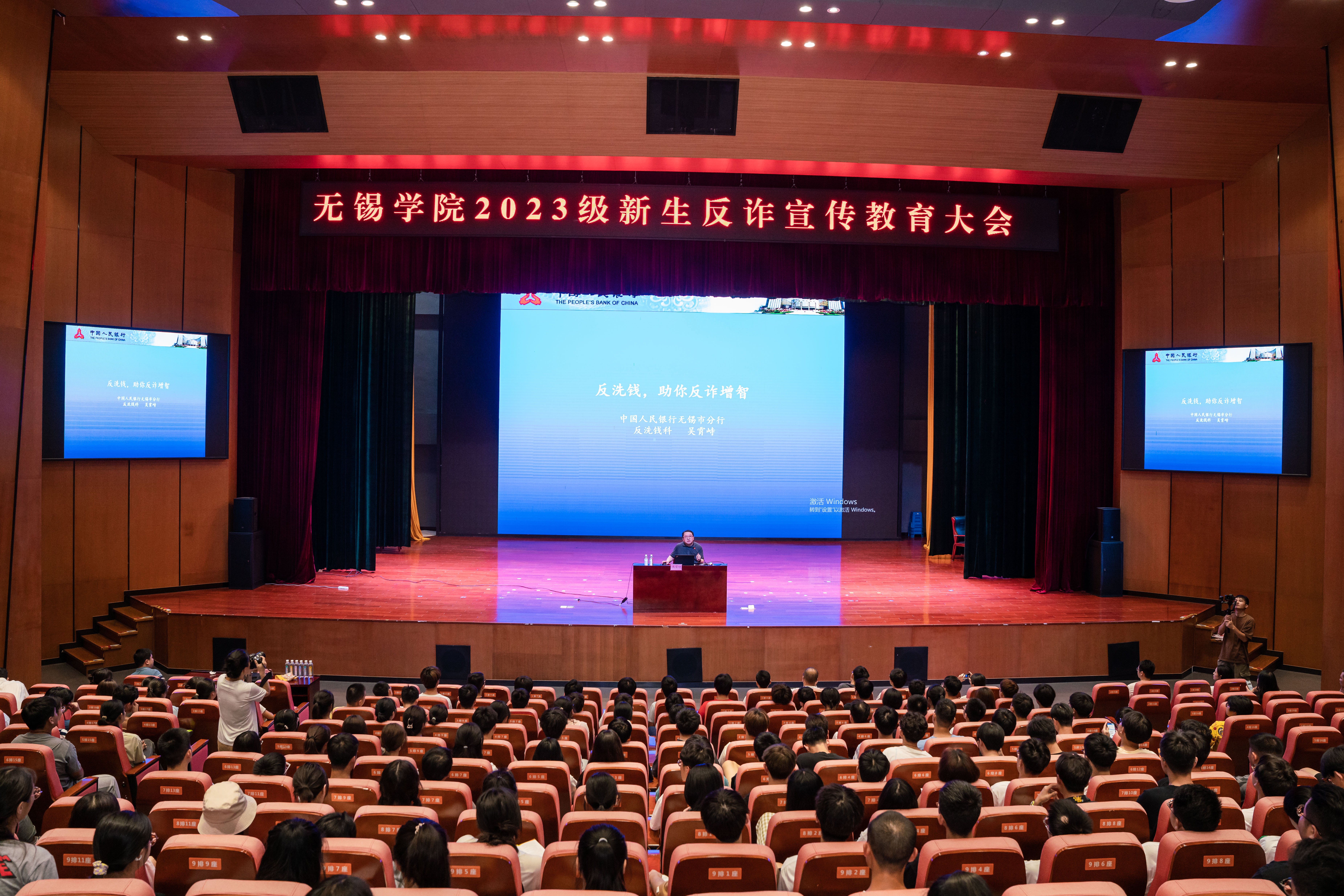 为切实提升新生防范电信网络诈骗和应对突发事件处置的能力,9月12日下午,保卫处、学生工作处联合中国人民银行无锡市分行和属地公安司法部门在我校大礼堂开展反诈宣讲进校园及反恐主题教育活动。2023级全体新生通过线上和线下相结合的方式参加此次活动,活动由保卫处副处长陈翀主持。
...
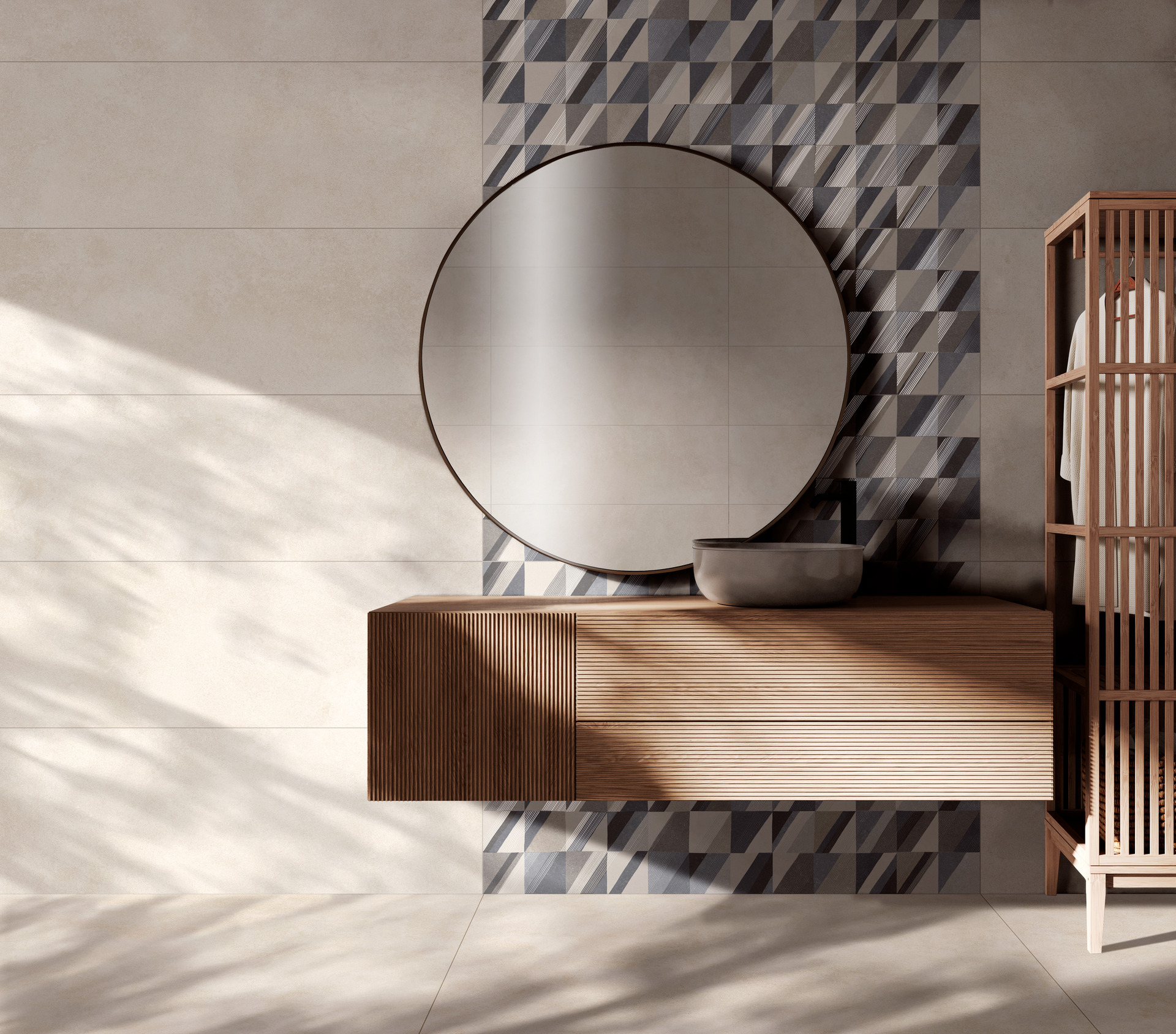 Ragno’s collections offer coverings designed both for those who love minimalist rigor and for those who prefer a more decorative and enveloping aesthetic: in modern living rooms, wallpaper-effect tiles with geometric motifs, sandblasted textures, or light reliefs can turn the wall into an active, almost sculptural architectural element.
---
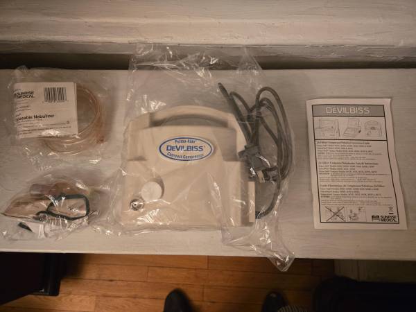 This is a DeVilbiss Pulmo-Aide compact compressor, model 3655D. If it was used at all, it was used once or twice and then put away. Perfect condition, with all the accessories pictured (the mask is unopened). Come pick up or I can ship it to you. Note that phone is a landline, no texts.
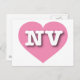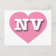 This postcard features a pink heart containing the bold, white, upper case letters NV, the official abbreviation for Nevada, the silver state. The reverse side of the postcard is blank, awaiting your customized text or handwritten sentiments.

== REQUIRED WORK ==
Output only the lines above from the line that holds "This is a DeVilbiss" through the line that holds "This postcard features", both ends included, and exclude pictures.

== ANSWER TO THIS PROBLEM ==
 This is a DeVilbiss Pulmo-Aide compact compressor, model 3655D. If it was used at all, it was used once or twice and then put away. Perfect condition, with all the accessories pictured (the mask is unopened). Come pick up or I can ship it to you. Note that phone is a landline, no texts.
 This postcard features a pink heart containing the bold, white, upper case letters NV, the official abbreviation for Nevada, the silver state. The reverse side of the postcard is blank, awaiting your customized text or handwritten sentiments.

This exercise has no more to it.